Use it with Dropwizard/Springboot, you get to expose rest APIs too.
I really like the way the catalog standard can decouple underlying storage as well.
My biggest concern is how inaccessible the implementations are, Java / spark has the only mature implementation right now,
Even DuckDB doesn’t support writing yet.
I built out a tool to stream data to iceberg which uses the python iceberg client:
https://www.linkedin.com/pulse/streaming-iceberg-using-sqlfl...
I don't remember seeing that in Delta Lake [1], which is probably because the industry standard benchmarks use date as a column (tpc-h) or join date as a dimension table (tpc-ds) and do not use timestamp ranges instead of dates.
Yes, that solved the 2-column high NDV partitioning issue - if you had your ip traffic sorted on destination or source, you need Z-curves, which are a little easier with bit twiddling for fixed types to do the same thing.
Hive would write a large number of small files when partitioned like that or you lose efficiencies when scanning on the non-partitioned column.
This does fix the high NDV issue, but in general Netflix wrote hidden partitioning in specifically to avoid sorting on high NDV columns and to reduce the sort complexity on writes (most daily writes won't need any partitioned inserts at all).
While clustering on timestamp will force a sort even if it is a single day.
[1] Open Table Formats:
Building lakehouse products on any table format but iceberg starting now seems to me like it must be a mistake.
I’d also love to see a good comparison between “regular” Iceberg and AWS’s new S3 Tables.
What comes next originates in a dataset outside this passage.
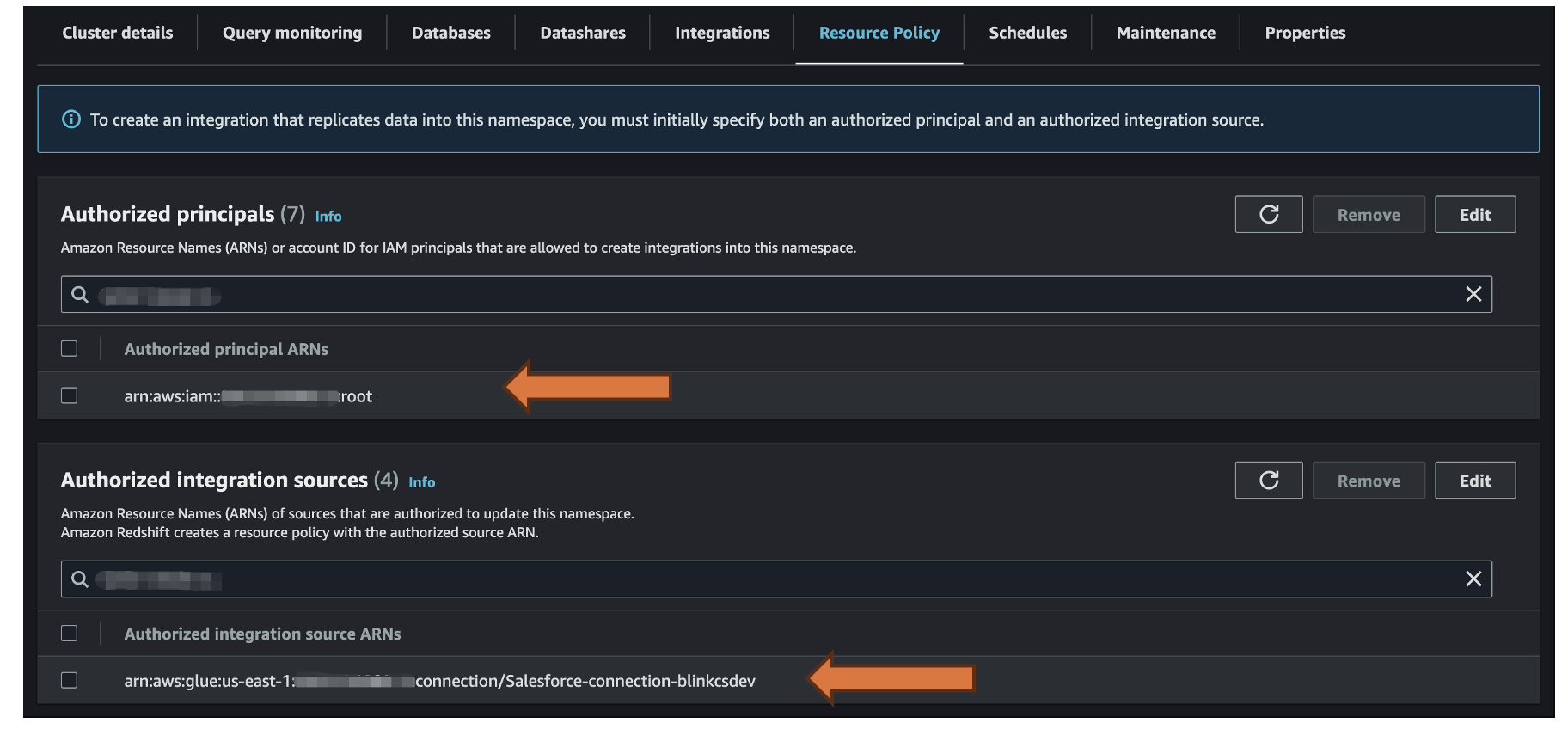 Figure 7: Resource-based policy configuration for Amazon Redshift showing required permissions for AWS Glue Zero ETL integration and data publishing.

When AWS launched S3 Tables last month I wrote a blog post with my first impressions: https://meltware.com/2024/12/04/s3-tables
There may be more in depth comparisons available by now but it’s at least a good starting point for understanding how S3 Tables integrates with Iceberg.
[0] https://clickhouse.com/docs/en/sql-reference/table-functions...
[1] https://clickhouse.com/docs/en/engines/table-engines/integra...
In the other hand, since one of the use cases they created it at Netflix was to consume directly from real time systems, the management of the file creation when updates to the data is less trivial (the CoW vs MoR problem and how to compact small files) which becomes important on multi-petabytes tables with lots of users and frequent updates. This is something I assume not a lot companies put a lot of attention to (heck, not even at Netflix) and have big performance and cost implications.
0 - https://www.definite.app/blog/databricks-tabular-acquisition
Does anyone know if Iceberg has plans to support similar use cases?
That said, a catalog (which Delta also can have) helps a lot to keep things tidy. For example, I can write a dataset with Spark, transform it with dbt and a query engine (such as Trino) and consume the resulting dataset with any client that supports Iceberg. If I use a catalog, all happens without having to register the dataset location in each of these components.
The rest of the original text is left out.